» **Try it**:
Make an exact copy, without pictures, of the lines below from the one containing "314-СЕР Свитшот +" to the last line, both ends included.

» **Data to examine**:
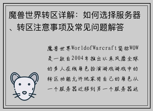 《熊猫人战袍购买途径大全教你如何获得心仪战袍》这篇文章将详细探讨如何获取熊猫人战袍,从多个不同角度为玩家提供丰富的攻略信息。熊猫人战袍作为《魔兽世界》中的独特战袍之一,深受玩家喜爱,既是玩家身份的象征,也是游戏中展现个性的方式。本文将从四个方面展开:1) 如何通过任务获得战袍;2) 如何通过商人购买...
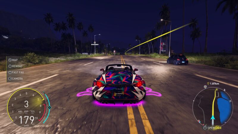 A hurá na další negativní věc, kterou je opravdu hodně šílené uživatelské rozhraní. 3D mapa sice vypadá cool a není problém zoomovat na celý ostrov nebo detail silnice, ale v celém konceptu se ztrácí to hlavní – žlutá čára označující naši cestu k cíli. To ještě ale není nic oproti zbytku menu, které je zbytečně komplikované. Místo toho, aby vývojáři věci rozdělili na více kategorií, je všechno ponořené v sobě a když chcete udělat upgrade svého vozu, musíte se v menu ponořit opravdu hluboko. Volba jednotlivých playlistů je ideální skrze rychlý výběr, kde je všechno po ruce, ale zpracování kompletního přehledu dostupných playlistů, nejrůznějších výzev a dalšího obsahu mě děsí ještě teď. A to jsem ještě zapomněl na hodně bohatou multiplayerovou část s další várkou obsahu a herních módů, jako je třeba automobilový battle royale.
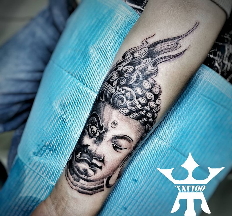 当前位置: 首页 >山西省太原市纹身店-纹铭色绘刺青会所纹身图案>一念之间纹身图片_手臂新传统一念之间纹身图案
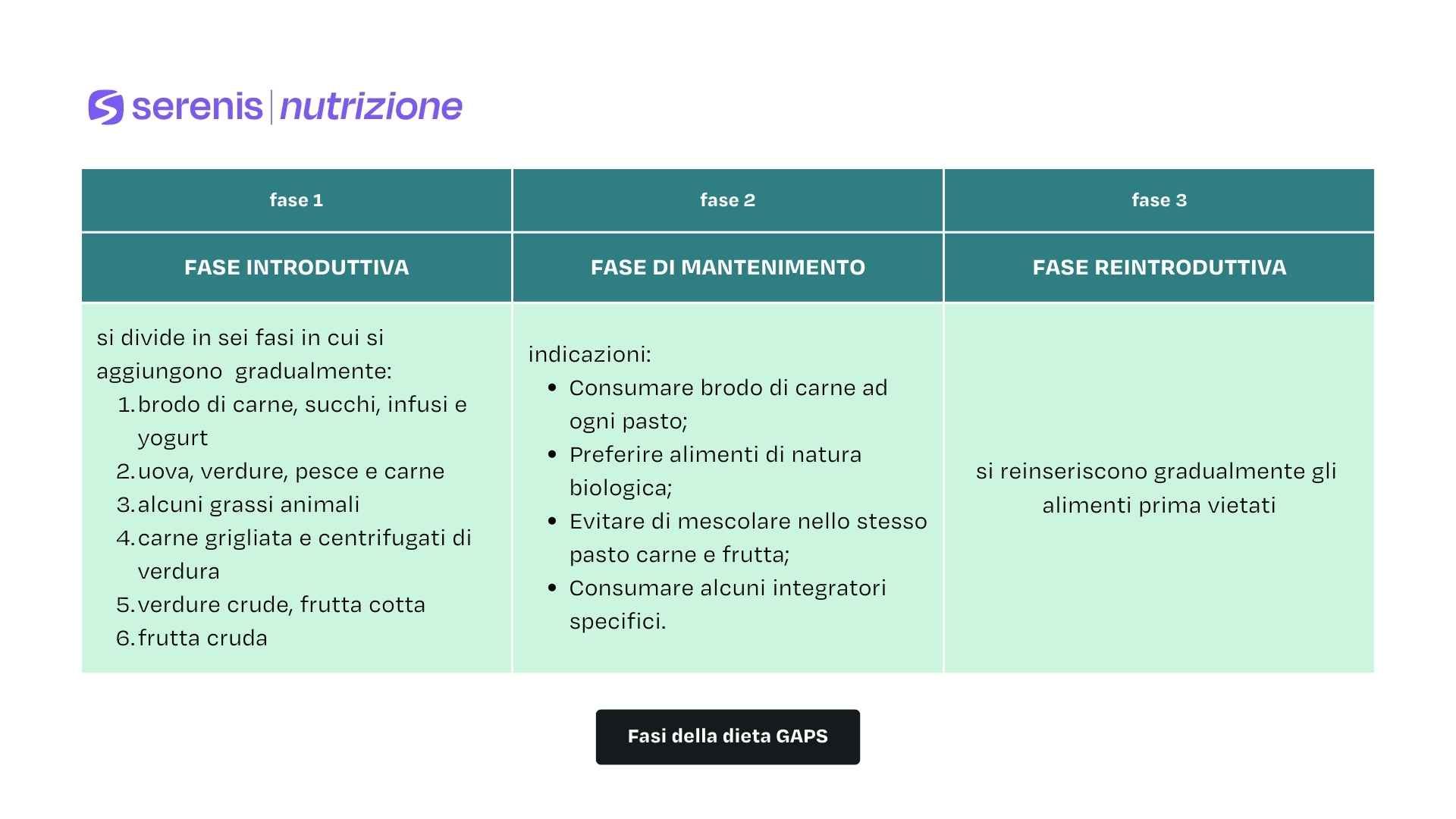 La dieta GAPS è composta di tre fasi:
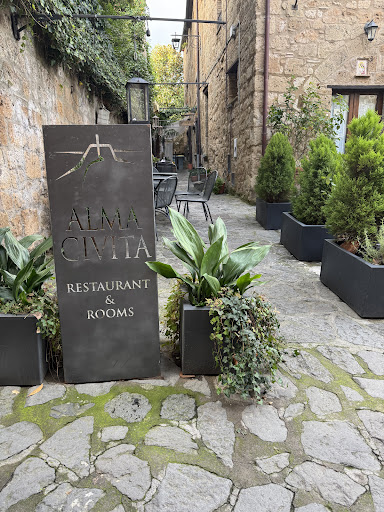 Spesso rimaniamo fuorviati da luoghi fatti di trambusto e clamore e del tutto privi di classe, sostanza ma soprattutto...anima. Alma Civita, al contrario, si trova in un luogo meraviglioso, fatto di storia, cultura, tradizione, amore per le cose che durano, ma soprattutto Natura splendida e viva. È il luogo dove l'anima, il cuore e la mente dialogano tra loro tramite le emozioni trasmesse dai sapori meravigliosi, ideati dal cuore e dall'anima di persone che amano ciò che fanno. Questi sentori e queste emozioni si concretizzano in meravigliosi piatti tutti da gustare e più che speciali perché intrisi di semplicità e sentimenti ma soprattutto TRADIZIONE. La preparazione fatta ad arte, più che perfetta, si lega perfettamente con gli ingredienti di altissima qualità che vengono utilizzati con incredibile maestria. Tutto ciò rende non comune...del cibo comune. Olio extravergine di oliva degno di questa dicitura, tartufi neri spettacolari. Alma Civita é entrato senza dubbio tra i 10 migliori luoghi dove ho gustato del meraviglioso cibo. Tutto ciò che viene fatto qui diviene una vera e propria arte, un viaggio attraverso la vista, l’olfatto e il gusto ma soprattutto attraverso i sentimenti e le emozioni che possono nascere in coloro che gustano i sapori di un tempo, quelli semplici e genuini. Da Alma Civita la cucina dello Chef Gabriele, unitamente al Patron Chef Maurizio Rocchi è talento puro, è la riscoperta di una tradizione rivisitata, tutta italiana. Emozioni dell’anima vengono avvalorate dai sorrisi e dalla gentilezza infinita di tutto lo staff in particolar modo dall'eccellente Sergio. Il servizio è connotato da un altissmo livello professionale estremamente raro da incontrare proprio perché informale ma puntuale e preciso, sempre. I prodotti e le preparazioni sono caratterizzati da un bouquet e persistenza al palato di altissima qualità e delicatezza. Un flusso continuo di sapori ed emozioni che iniziano dalla consistenza degli elementi utilizzati per poi sfociare nella perfezione dell'evoluzione al primo boccone. Due sono gli elementi predominanti: la tecnica di preparazione e le materie prime di eccelsa qualità. La tecnica è un'ampia e sapiente dimostrazione di conoscenza dei prodotti del territorio umbro. Questo standard qualitativo permette al cliente di godere appieno dei sapori. Gli elementi secondari non vengono mai posti a coprire l'elemento principale ma lo accompagnano, sempre, in modo da permettere al palato di distinguere i sapori uno dall'altro. Gli ingredienti si rivelano decisivi nell'esaltare i sapori che, in bocca, appaiono netti, corposi ma allo stesso tempo delicati e persistenti. Ricchezza, sapiditá, dolcezza, croccantezza. Questo è il feel rouge di qualsiasi piatto si posi sulla tavola. Con ogni piatto incomincia un viaggio fantastico attraverso un mondo stupendo, proprio come un film di fantasia. Il menù degustazione è qualcosa di assurdamente buono. Vino, rosso, egregio e perfetto per le pietanze scelte. Secco, fresco, fruttato al punto giusto, si lega in armonia con i sapori incredibili dei piatti, esaltandone i sapori in entrata e al fin di bocca. Un più che perfetto ed eccellente trait d'union che crea un'amalgama tra gli aromi dei piatti ed il palato. Il posto è semplice e senza fronzoli ma meraviglioso proprio per questo. La qualità dei prodotti è probabilmente tra le migliori che ho sperimentato, perché selezionati con maniacale attenzione. Qualsiasi cosa è IMPECCABILE perché SEMPLICE. Vorrei poter trasportare questo luogo in ogni dove, insieme a coloro che ne fanno parte, per rendere ogni istante unico e meraviglioso. Senza dubbio il massimo che si possa desiderare ed andrà sempre ben oltre le migliori aspettative possibili. Ecco perché il ringraziamento è per quel che sarà e per quel che è già stato. Il ricordo più bello che porterò con me per sempre è la meravigliosa Alessandra, ragazza ma soprattutto Donna di una dolcezza e bellezza senza eguali che entrano dirette nel cuore, negli occhi e nell'anima.
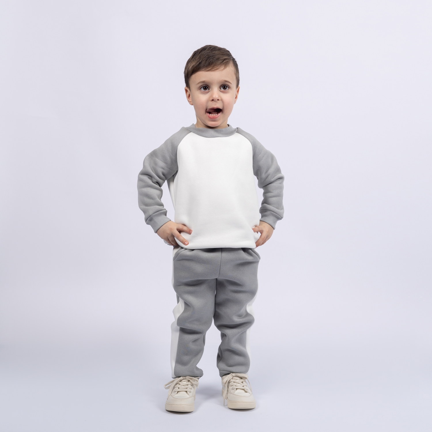 314-СЕР Свитшот + Штаны, серый, хлопок 65%, 35% ПЭ, 3-х нитка (начес) 80,86,92,98,104
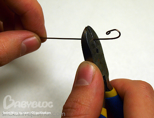Красивые работы )) Хотите совет? В первом издели сильно выделяются петельки проволоки в бутонах... можно загибать край проволоки не образуя крупную петельку. Примерно как на этом фото, только здесь крючок изготавливают.... Я, на самом деле, только краешек загибаю мм 3 и сильно прижимаю к пину. От спадания будет придерживать бисеринка. Надеюсь понятно объяснила )) Собираю таким образом грозди из страз Сваровски...

» **Response**:
 314-СЕР Свитшот + Штаны, серый, хлопок 65%, 35% ПЭ, 3-х нитка (начес) 80,86,92,98,104
Красивые работы )) Хотите совет? В первом издели сильно выделяются петельки проволоки в бутонах... можно загибать край проволоки не образуя крупную петельку. Примерно как на этом фото, только здесь крючок изготавливают.... Я, на самом деле, только краешек загибаю мм 3 и сильно прижимаю к пину. От спадания будет придерживать бисеринка. Надеюсь понятно объяснила )) Собираю таким образом грозди из страз Сваровски...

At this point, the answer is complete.